The College’s proposal

To respond to these concerns, the ACS Division of Advocacy and Health Policy (DAHP), under the leadership of Patrick V. Bailey, MD, MLS, FACS, Medical Director, Advocacy, is crafting model state legislation that would permit private practice surgeons to jointly negotiate with payors, increase physicians’ bargaining power, and allow collaboration-driven innovation. This legislation would be introduced at the state level because, under the State Action Immunity Doctrine, established in the 1943 Supreme Court ruling on Parker v. Brown, anticompetitive action that is sanctioned and overseen by a state is immune from federal antitrust law.

The ACS model legislation has been carefully drafted to comply with the State Action Immunity Doctrine, but to pass joint contracting legislation, the College will need to identify state legislators who are willing to champion the bill. State chapters will likely need to work closely with the DAHP to hire lobbyists and political consultants to counter what we anticipate will be strong resistance from the insurance and hospital industries. In addition, the College anticipates that the FTC and DOJ will likely challenge the state laws in federal court.

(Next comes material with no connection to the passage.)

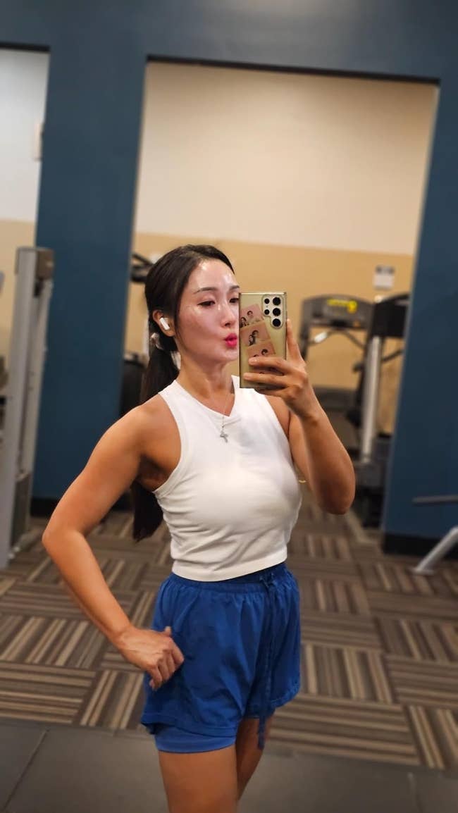 Promising review: "I am SO incredibly impressed with the quality of this. The fabric quality is comparable to Lululemon and other high-quality brands. I’ve worn it as a tank, with and without a sports bra underneath, and it can be worn without and still provide great support. This is the perfect tank to wear for workouts or as athleisure, whether running errands or hanging out. Super cute. Fits true to size." —JBrewer
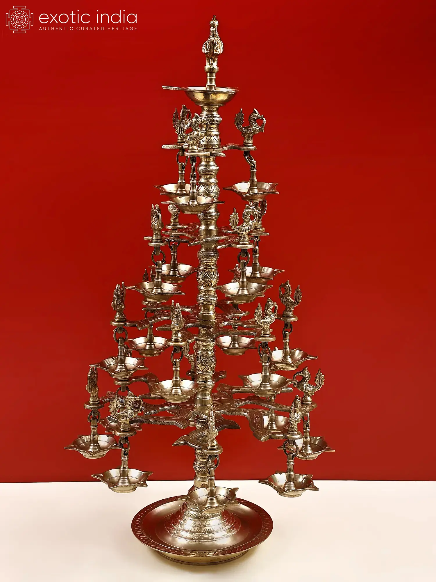 The Peacock Multilayer Lamp is identified as an Ashtothira Deepam and is made of brass. The Ashtothira is represented by 108 lights arranged in layers by hanging geometric forms. It pays homage to the divine number 108, which is connected to the 108 Mukhya Shivaganas and the 108 edges of Lord Vishnu's sacred discus. This lamp has deep origins in the nation's lighting traditions and has long been used to decorate Hindu temples for special occasions. As they may shine in all directions, the Panchadeepam that dangle from each tier is essential.  This high-quality lamp will surely provide your home a massive look among all other decors because of its excellent construction.

This battle will be hard fought and will require the active involvement of all ACS members who are committed to improving the position of private practice in today’s concentrated health care marketplace. The ACS leadership will be calling upon each of you to assist in this effort to preserve your ability to remain competitive and provide quality care to your patients. Together, we can turn the dial in favor of private practice.


References

  1. Russell TR. What is the future of surgery? Arch Surg. 2003;38(8):825-831.
  2. Sherman Anti-Trust Act, July 2, 1890. Enrolled Acts and Resolutions of Congress, 1789-1992; General Records of the U.S. Government; Record Group 11. Washington, DC; National Archives.
  3. Longman P. The case for small-business collusion. Washington Monthly. Available at: https://washingtonmonthly.com/magazine/november-december-2018/the-case-for-small-business-collusion/. Accessed April 1, 2019.
  4. American Medical Association. Competition in health insurance 2018. Available at: www.ama-assn.org/delivering-care/patient-support-advocacy/competition-health-insurance-research. Accessed April 1, 2019.